This week the reading focuses on the subject of identity. Your identity can be seen as anything from a physical characteristic, your hair or eye colour, to a personal trait. Your identity therefore, places you with people who share the same characteristics or traits. As During explains “identity is won at the price of reducing individuality”. Your identity does not define who you are as a whole, you don not posses just one trait at any given time. As During exclaims “identities are not given in terms of what individuals are as a whole, but in terms of more or less arbitrarily selected features that they possess”.
Your identity is generally given to you from the outside. Socially, people identify with you in a certain way, whether your male or female, African or European. The concept of identity politics in simple words is united people sharing the same identity, examples being feminists, gays, African Americans, becoming political groups based on their common goals, rights. The problem with identity politics is that with sharing political goals for that specific group, other groups are ostracized in the process. Identity politics also erases “internal difference” within the group at hand. Although these groups identify themselves strongly with one characteristic, they can’t exclude the fact that they also belong to another.

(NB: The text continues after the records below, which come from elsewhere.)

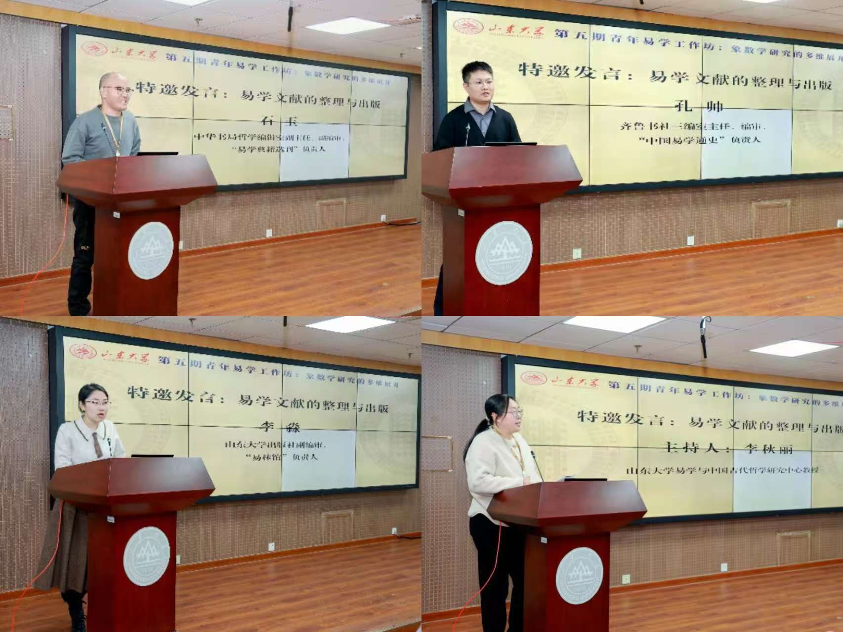 主题讨论环节后,大会进行了题为“易学文献的整理与出版”的第二场特邀发言。中华书局哲学编辑室副主任、副编审、“易学典籍选刊”负责人石玉,齐鲁书社三编室主任、编审、“中国易学通史”负责人孔帅,taptap点点官方网站出版社副编审、“易林馆”负责人李淼分别介绍了所在出版单位于易学文献出版方面的成果以及未来的工作计划。本场特邀发言由taptap点点官方网站易学与中国古代哲学研究中心教授李秋丽主持。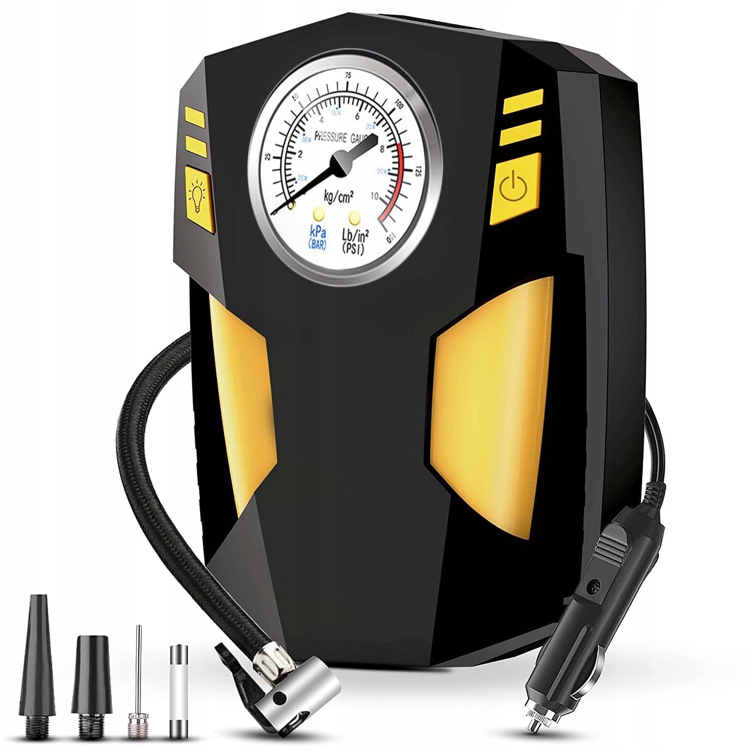 КОМПРЕСОР / АВТОМОБІЛЬ / КОМПРЕСОР / НАСОС >30 л/хв З ЛІХТАРИКОМ ТА МАНОМЕТРОМ з НАБОРОМ АКСЕСУАРІВ
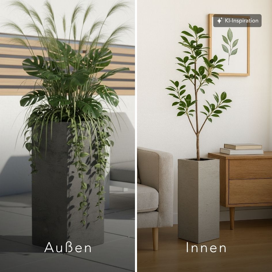 Unsere Fiberglas-Pflanzkübel in authentischer Lehmoptik vereinen zwei entscheidende Vorteile: Sie bieten die visuelle Schwere und Eleganz traditioneller Tongefäße, sind aber zugleich erstaunlich leicht, was das Versetzen und die allgemeine Handhabung enorm erleichtert.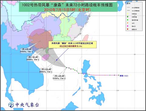 预计,“康森”将以每小时20公里左右的速度继续向西偏北方向移动,强度将有所加强,并逐渐向海南陵水到广东阳江一带沿海靠近,将于16日下午到17日凌晨在这一带沿海登陆。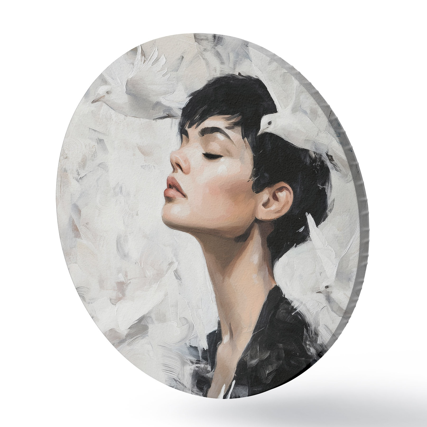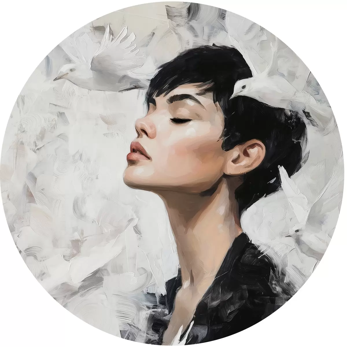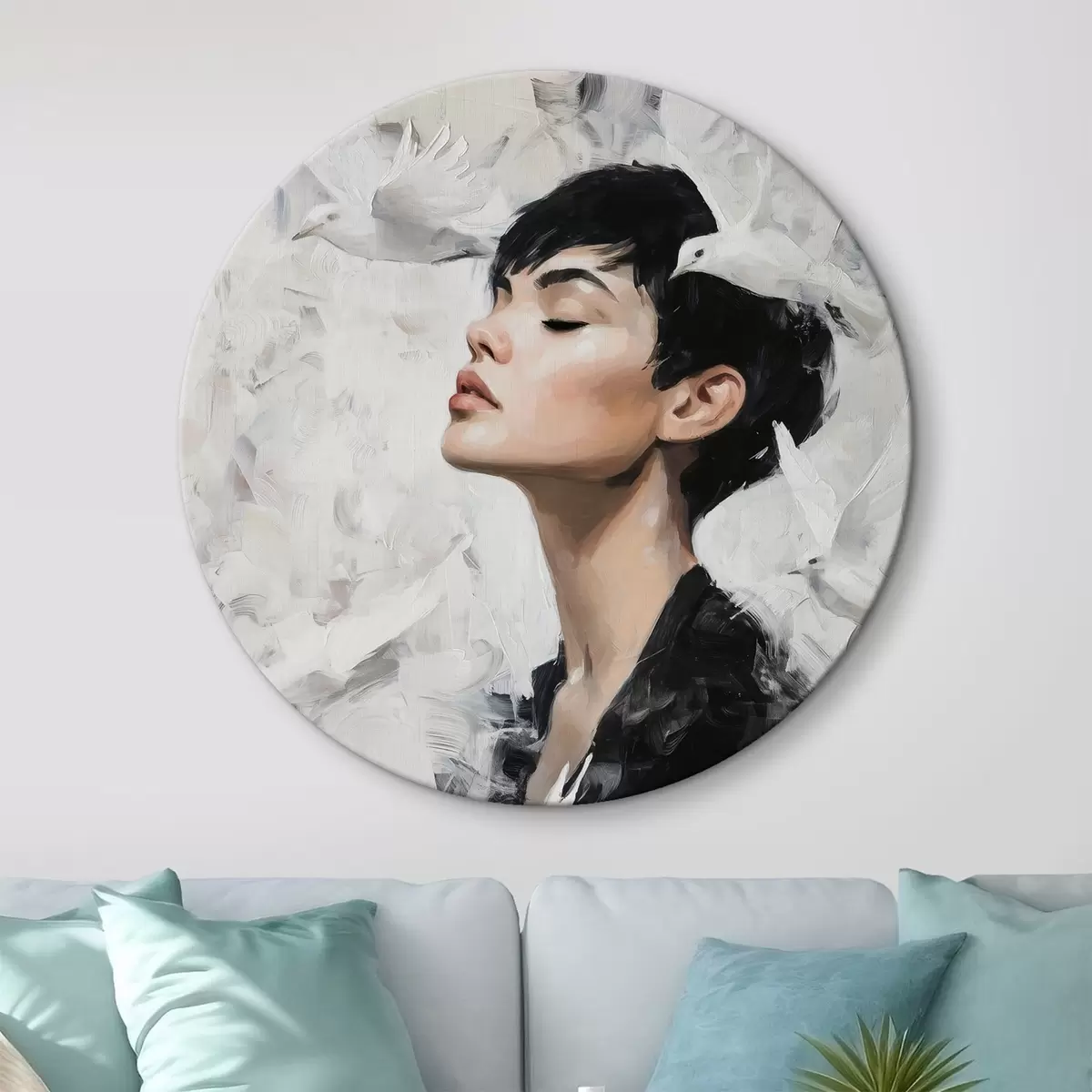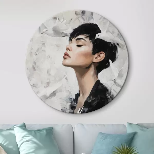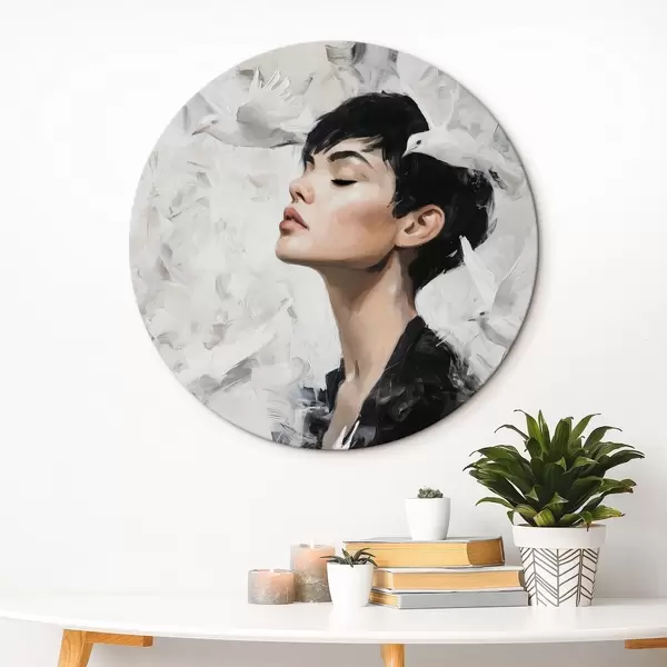 Ronde schilderijen Meisje en vogels r46365

To address the problems identity politics brought about, the hybridity theory was developed. The hybridity theory focuses on the idea that your identity isn’t a solid “a stable trait shared across all groups” but rather something changeable, that constantly mutates depending on your context.
As During explains, our identity is inescapable. Our identity is part of who we are, we use it to be part of groups and associations and it links hand in hand with our culture. Our identity mutates based on time and context and is greatly affected by social change. through the use of media and the convergence of different technologies, our identities are constantly able to change and acquire different traits. Within the country where we live, our identity is always reinforced with nationality, which is a major part of who we are. If we think about when the Olympic Games are on, and the amount of national spirit that can be seen across Australia, identity becomes all the more apparent. The media gives us the option to pick and choose parts of our identity. Whether your a fan of Harry Potter or you prefer comic book heroes, there is always someone else out there who shares that certain trait with you.